You guys. That new Beyonce album dropped and I fell out. But, ever since then, I’ve been on a nonstop Vitamin Bey regimen. So, now I’m stronger than ever! No lie, my abs hurt because I’ve basically been dancing for four days straight. Just nonstop booty pops.
I’ve been feeling kind of uninspired lately. This blog can be tough for me sometimes because it’s not just about makeup, it’s also about writing. It’s hard for me to bring myself to write a lackluster, bare bones post about a product when I’m just not feeling the words. I hate it, and I wish knew how to write on command, but I don’t. I try to pump out something every day, but when the creativity isn’t there, it’s just not there. I’ve been getting stagnant while product just piles up on my desk. I haven’t even used my Naked3 palette. Isn’t that sad?
When I get blah like that, everything gets blah. I’d look in the mirror and not feel like putting makeup on because my hair has been looking like butt, my eyebrows were overgrown and I’ve been dealing with a breakout. Like, fuck putting all that time into my face when my eyebrows look like that. I needed a big change to shake myself up!

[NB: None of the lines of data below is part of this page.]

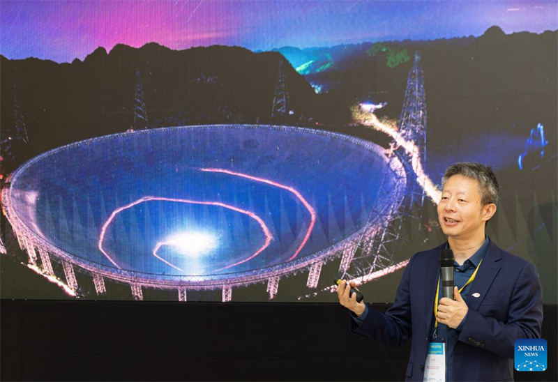 O radioastr?nomo chinês Li Di, cientista-chefe do Radiotelescópio Esférico de Abertura de Quinhentos Metros (FAST) da China, faz um discurso no 17o Encontro Marcel Grossmann em Pescara, Itália, em 9 de julho de 2024. (Xinhua/Li Jing)
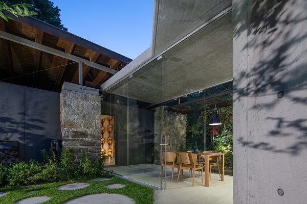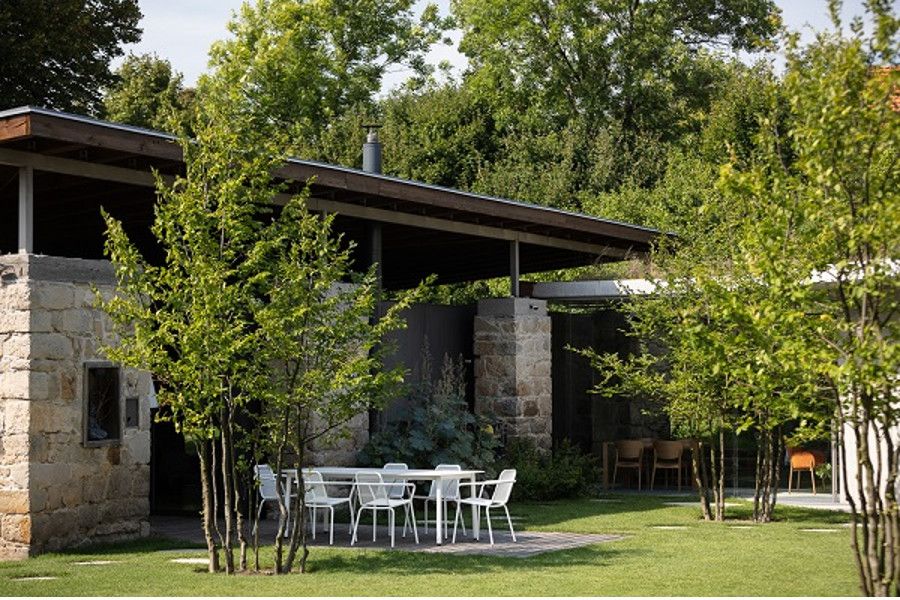 V roce 2006 koupil Radek Leskovjan, grafik a designér značky UAX!, pozemek uprostřed obce Kojetín u Nového Jičína. Na kraji parcely o velikosti 4 300 metrů čtverečních stála na kopci s výhledem do krajiny pobořená kamenná stěna hospodářského stavení. Nejprve na pozemku vznikl v roce 2007 obytný ateliér UAX!, později přibyla betonová přístavba, která je s původní stodolou propojena proskleným krčkem. Tato na první pohled nenápadná přístavba, která získala na konci září titul Stavba Moravskoslezského kraje 2019, se čerstvě pyšní také prestižním titulem Stavba roku 2020. Navíc za osobitý a citlivý vstup moderní architektury do prostoru staré zahrady, zdůraznění genia loci místa a filozofie nezasahování, byla oceněna také zahrada obklopující a prostupující rodinným domem, která získala čestné uznání Zahrada doteku krajiny v soutěži Zahrada roku 2020.
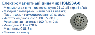Компактный динамик HSM23A-8 , производства тайваньской компании JL World , представляет собой электромагнитный излучатель звука, выполненный с мембраной из майларовой пленки. При номинальной мощности всего 0,08 Вт и сопротивлении катушки 8 Ом, динамик способен развивать звуковое давление 73 дБ. При резонансной частоте 1900 Гц, его частотный диапазон простирается от 1000...

You get used to doing things a certain way, you know how to make it look good, but that’s no fun forever. I always want a new look! But, what? The biggest beauty change is always hair related, right? I don’t want bangs anyone, I don’t want long hair anymore, I don’t want the coppery color anymore, but what DO I want?
That’s where I always get stuck.
Over the years, I’ve tried to adopt a detached attitude to my hair. It’s just hair. It’ll grow back, you know? So, the problem isn’t that I’m scared of cutting my hair, the problem is that I can never decide HOW to cut my hair. My friend that usually does my hair takes a hands off approach to this part. Since we’re not just customer/client, we’re also ex-coworkers, party friends, and birthday week buddies, this adds an extra layer of trickiness. She worries about taking big risks because she doesn’t want to be responsible for something I end up hating, and I want her to tell me what to do. We frequently end up at this impasse. So, with her blessing, I went to another hairdresser to try and get a different perspective. It worked out great! Working with someone who doesn’t know all my annoying client quirks was just what I needed.

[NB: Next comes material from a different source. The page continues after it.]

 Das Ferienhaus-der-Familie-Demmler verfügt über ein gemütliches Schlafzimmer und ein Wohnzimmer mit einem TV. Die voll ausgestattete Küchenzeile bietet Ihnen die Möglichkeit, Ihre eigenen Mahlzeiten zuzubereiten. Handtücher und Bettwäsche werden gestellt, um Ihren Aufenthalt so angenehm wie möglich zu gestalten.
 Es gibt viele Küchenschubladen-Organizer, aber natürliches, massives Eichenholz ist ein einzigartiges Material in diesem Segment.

I went in, took a bunch of different pictures, told her I needed something big, and man, did I get it.
DO YOU LOVE IT?! I LOVE IT!!
I’ve wanted a color like this for years! But, as I got into my late twenties and then my thirties, I convinced myself that I was too old. I’d look at pictures of hair colored like this, and just hem and haw. I almost didn’t go through with it this time! I’m so glad I did though! My only condition was that if my hair was going to be blue, the cut had to be sophisticated. I’m sorry, but I really do think I’m too old to pull off super long blue hair. But that’s ok! I didn’t want that anyways!
Beauty risks are so fucking scary. What if you hate it? What if it looks terrible? What if people think you look stupid? We get so stuck on the negative what ifs, that I think we forget to think about the positive ifs. Like, what if you look fucking amazing? What if a modeling scout sees you and you become a superstar? What if you love it? If nobody is telling you you can’t do something, why do we tell ourselves? We’re our own worst enemies. We’ll stand on the metaphorical edge of a big decision cliff, look down and say, “I can’t jump! What if I fall?!” But, we rarely stop to consider the possibility that we could fly. What if you could fly all along but you never knew because you never tried? That’s not just hair, that’s life, bbs! It sounds like such corny bullshit, but it’s a concept I struggle with often. It takes mighty big ovaries to step outside of our comfort zones, but it’s always worth it. Even when we fail, it’s a success, because we tried. This is dumb too, but it’s like when I decided to try being a blonde. It looked terrible, but at least I found out! I could stop wondering about it, and file it away. And really, that’s the worst that can happen. It looks bad. No big deal, everything is fixable with enough color and time!
Regrets are stupid and indecision is the worst. Sometimes, you just have to jump.